Answers US renter questions from public HUD guidance, names the source, and redirects to legal help when a question is out of scope. Housing nonprofits and legal-aid teams that want a grounded, safe first-line voice helper for renters.
Answers US renter questions from public HUD guidance, names the source, and redirects to legal help when a question is out of scope. Housing nonprofits and legal-aid teams that want a grounded, safe first-line voice helper for renters.
uv run python agent.py dev
by Mahimai
Renters call legal-aid lines with the same questions over and over: deposits, repairs, landlord entry, fair housing, the basics of eviction. A first-line helper could answer the grounded ones and free a caseworker for the harder cases.
The catch is that a wrong answer on housing law is worse than no answer. Telling someone they have 30 days when they have 3 is not a small mistake. So this agent answers only from a prebaked index of public-domain HUD guidance, names its source out loud, and refuses, or hands off to legal aid, the moment a question goes past the documents or turns on a specific lease or state.
The index is built from HUD's public renter-rights material: its Tenant Rights page and the Fair Housing Act rights it enforces. That is the entire knowledge base, which is exactly why the agent can name where every answer comes from.
The whole stack runs on one key. That is the unusual part: STT, LLM, TTS, and embeddings all come from NVIDIA, so one NVIDIA_API_KEY covers the entire pipeline. Riva handles speech in and out (voice Magpie-Multilingual.EN-US.Leo), NIM runs the LLM (meta/llama-3.3-70b-instruct) over its OpenAI-compatible endpoint, and NIM embeddings (nvidia/nv-embedqa-e5-v5) drive retrieval. The openai client here is just NVIDIA's transport. NIM speaks the OpenAI protocol, and LiveKit has no native NVIDIA LLM plugin, so you point the OpenAI client at NIM's endpoint and it works.
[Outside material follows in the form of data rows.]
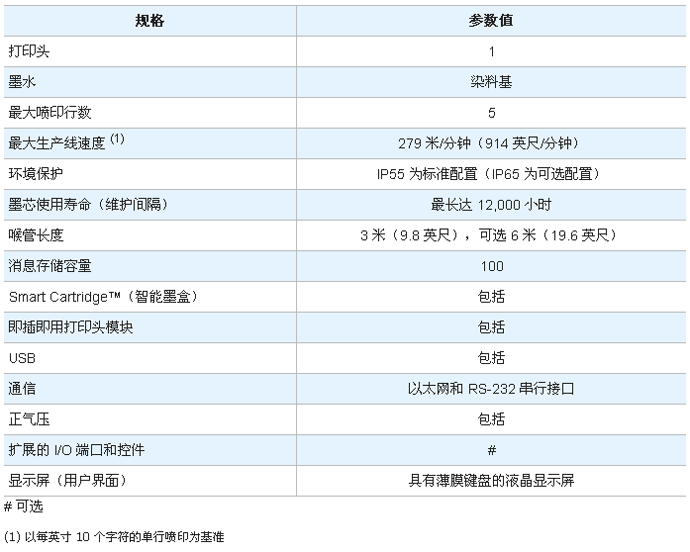 可噴印 1 到 5 行,噴印速度可達 162 mpm (553 fpm)
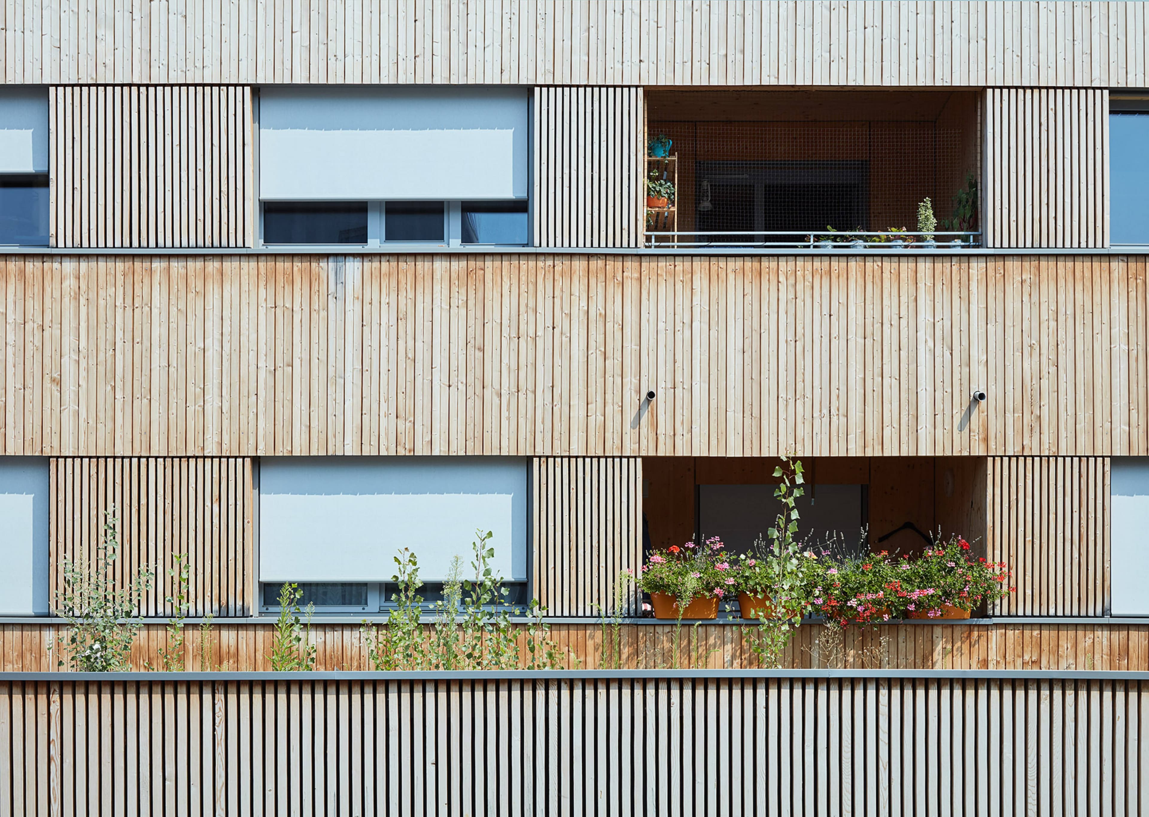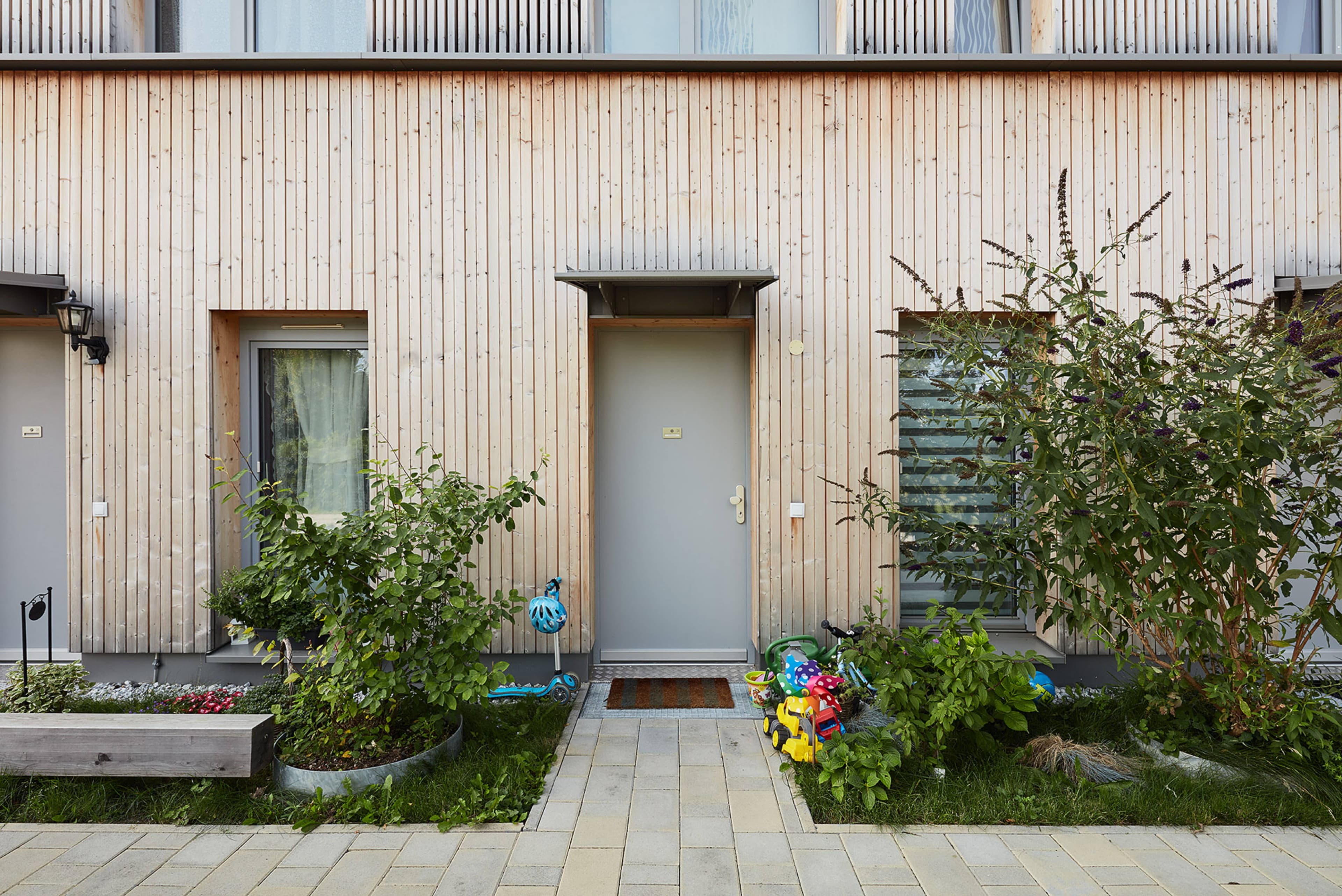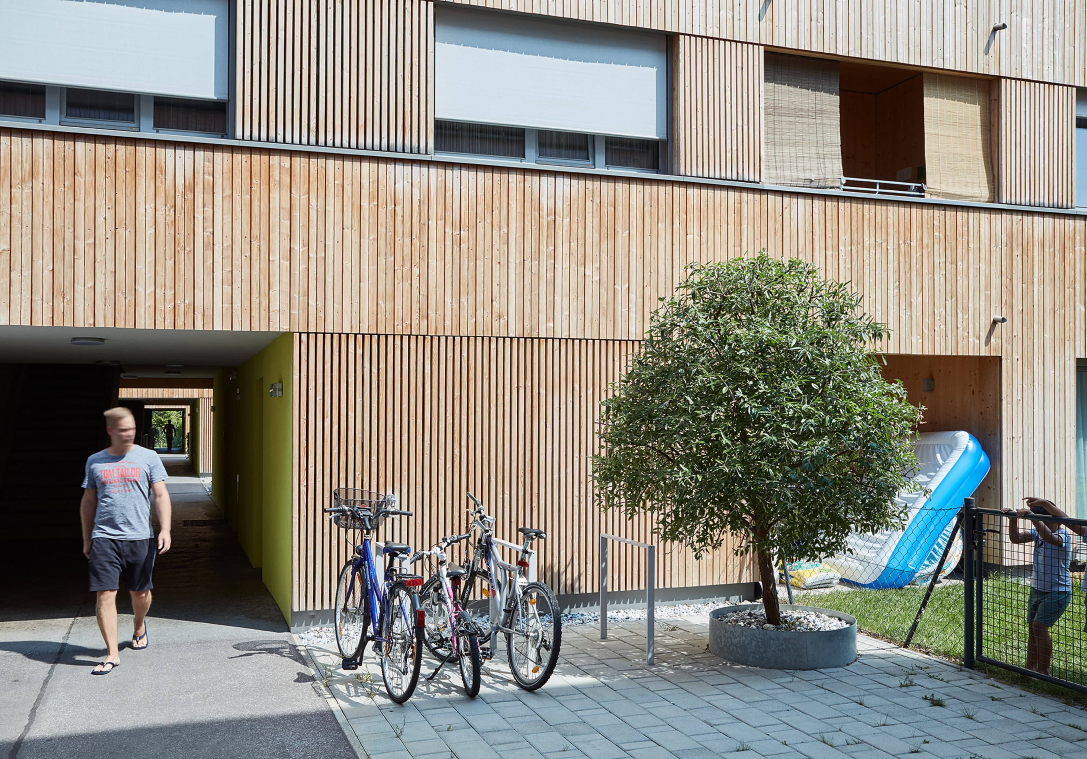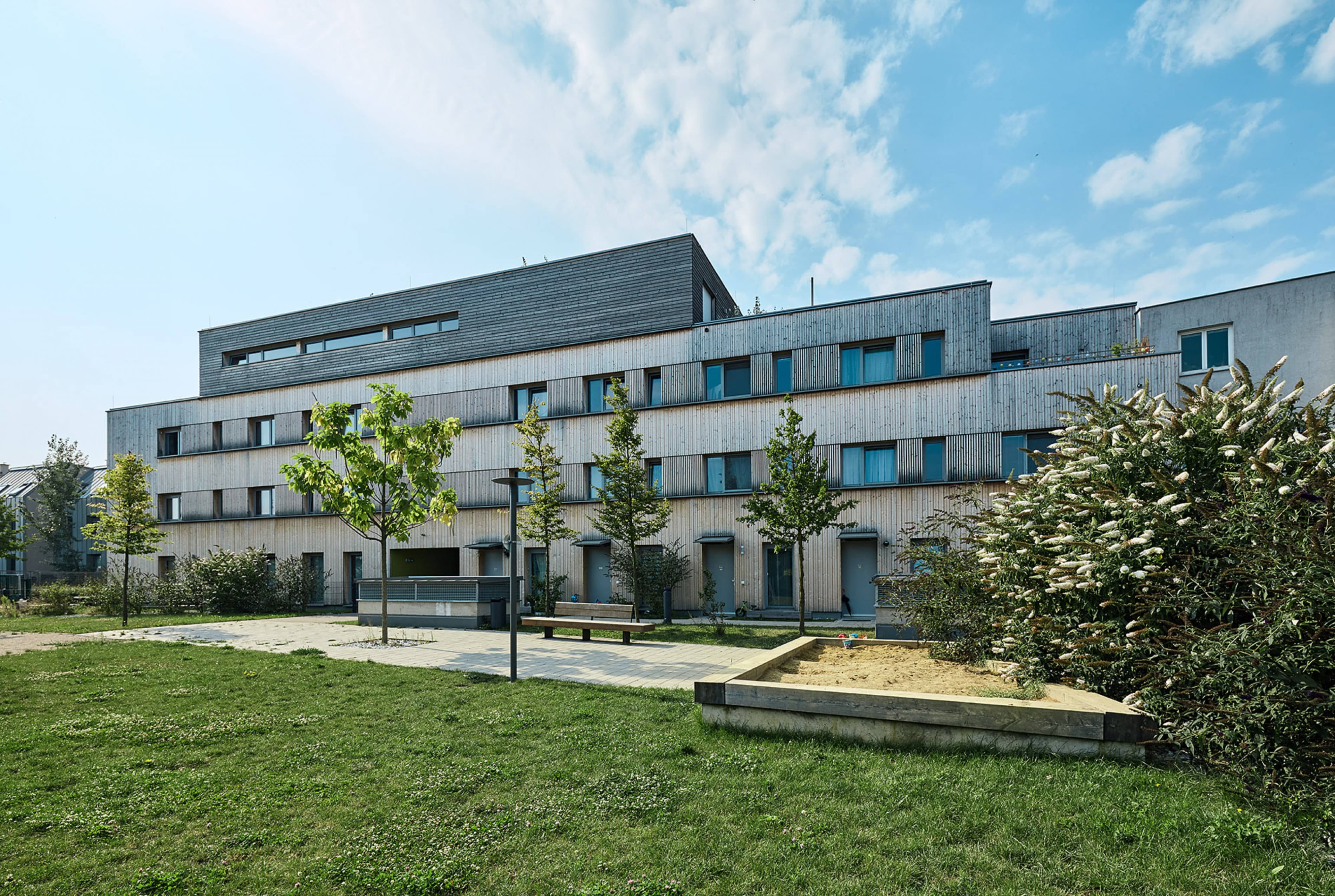 Die städtebauliche Struktur des Gebietes ist geprägt von zeilenartigen Bebauungen. Die vier Häuser nehmen dieses Thema auf und führen es weiter. Den Erdgeschosswohnungen sind Gärten vorgelagert, welche den halböffentlichen vom privaten Raum trennen. Dadurch entstehen in der Erdgeschosszone offene Kommunikationsräume und ein differenzierter, geschichteter Übergang zwischen dem öffentlichen Raum bis hin zur privaten Wohnung. Holz als Bauelement bleibt bewusst im Innen- als auch Außenbereich sichtbar. Dies schafft neben den ökonomischen und ökologischen Vorteilen eine angenehme Wohnatmosphäre und macht den Grundbaustoff sichtbar.
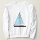 Veleja para o pôr do sol. Uma bela ilustração de um iate de navegação azul claro. Perfeito para quem ama barcos, ilustrações bonitas, iates e barcos à vela. Presente de aniversário ideal, decoração infantil, arte de quarto infantil, decoração doméstica, presente de Natal ou presente para qualquer outra ocasião especial.
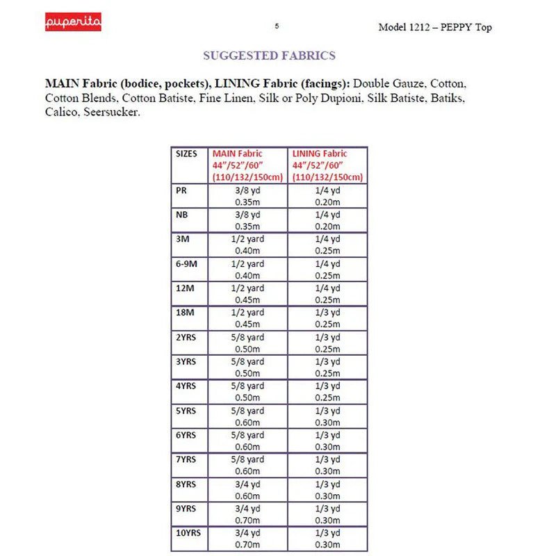 This is a paper pattern, you will not receive a PDF copy. If you wish to purchase a digital copy or additional patterns, please visit www.puperita.com. Puperita as the owner would not be liable for any errors due to printing and are not affiliated with the printing process. Please direct any queries to us - sales@littlelegsfabrics.co.uk
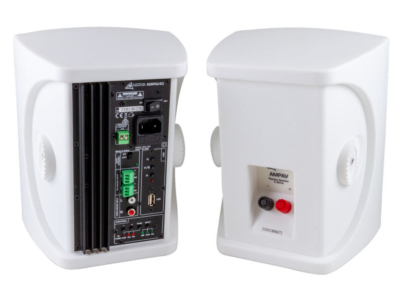 The Australian Monitor AMPAV40 is a self powered three-way stereo speaker system consisting of one powered and one passive speaker. The speakers are compact, architecturally pleasing and come supplied with adjustable mounting brackets.
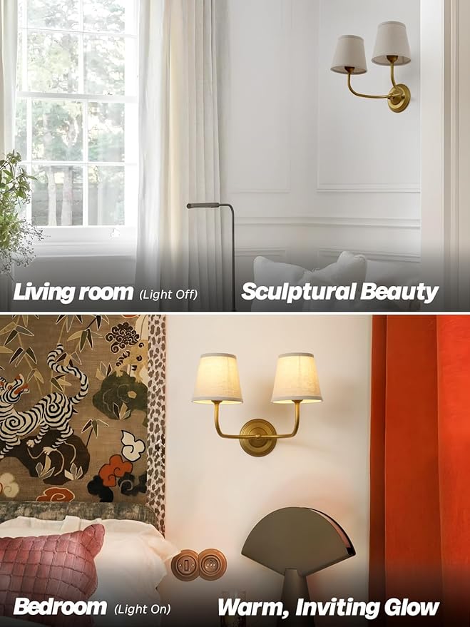 - Unique Gooseneck Arm Design: This 2-heads sconce wall lighting provides an artistic ambiance blend of vintage charm and modern appeal. The fabric shades do wonders to soften the light, making any space instantly more inviting. It's clean lines, make it appropriate for any room in the home decor

A mid-size instruct model is plenty, because grounded answers are short; if it feels laggy you can drop to meta/llama-3.1-8b-instruct with no other changes. One number is worth calling out: the coverage floor (cosine 0.40) is tuned to nv-embedqa-e5-v5 specifically. How high a real match scores is a property of the embedding model, not a universal threshold, so swap the embedding model and that number is wrong.
Grounding is the whole game here, so it cannot be optional. The agent does not offer the model a search tool and hope it calls it. On every user turn, retrieval runs first, and the matched passages, or an explicit refusal note, are injected into the turn context before the model is allowed to reply:
result = retrieve(self._index, query_vec, k=3, floor=self._floor)
if result.covered:
passages = "\n\n".join(
f"[Source: {hit.source_label}]\n{hit.text}" for hit in result.hits
)
turn_ctx.add_message(
role="assistant",
content=(
"System note: answer the user's next message using only the "
"source passages below. Name the source out loud. If a specific "
"number, deadline, dollar amount, or citation is not present in "
"these passages, say you do not have it. If the passages do not "
"actually address the question, say so and point the user to "
"legal help.\n\n" + passages
),
)
The wording of that system note is load-bearing. It has to forbid answering from memory, demand the source be named aloud, and treat a missing number as "I don't have it" rather than an invitation to guess. The hardest case was the embedding-failure branch: when retrieval itself fails, the agent has to refuse outright. A softer "let me try again" was the one remaining path that could still leak an answer the documents never supported.
A prebaked vector index is silently bound to the embedding model that built it. The index is embedded offline, so if the runtime ever embeds queries with a different model, the query vectors land in a different space and cosine retrieval returns confident garbage, never an error.
The fix stamps the embedding model id inside index.npz, and prewarm refuses to start if the recorded id does not match the model the current keys resolve to. A missing id counts as a mismatch, so a stale index forces a rebuild instead of serving junk. I hit this exactly once, swapping the embedding model under an index that was already built, and once was enough.
Talk to it at playground.mahimai.ca/demos/tenant-rights: paste your NVIDIA key, connect, and ask about a security deposit. Or fork the cookbook, build the index once with the prebake script, and run the worker locally.
To see the refusal work, ask it something it cannot ground: a question about your specific lease, or the law in a state the HUD docs do not detail. It will tell you it does not have that and point you to legal aid, instead of guessing.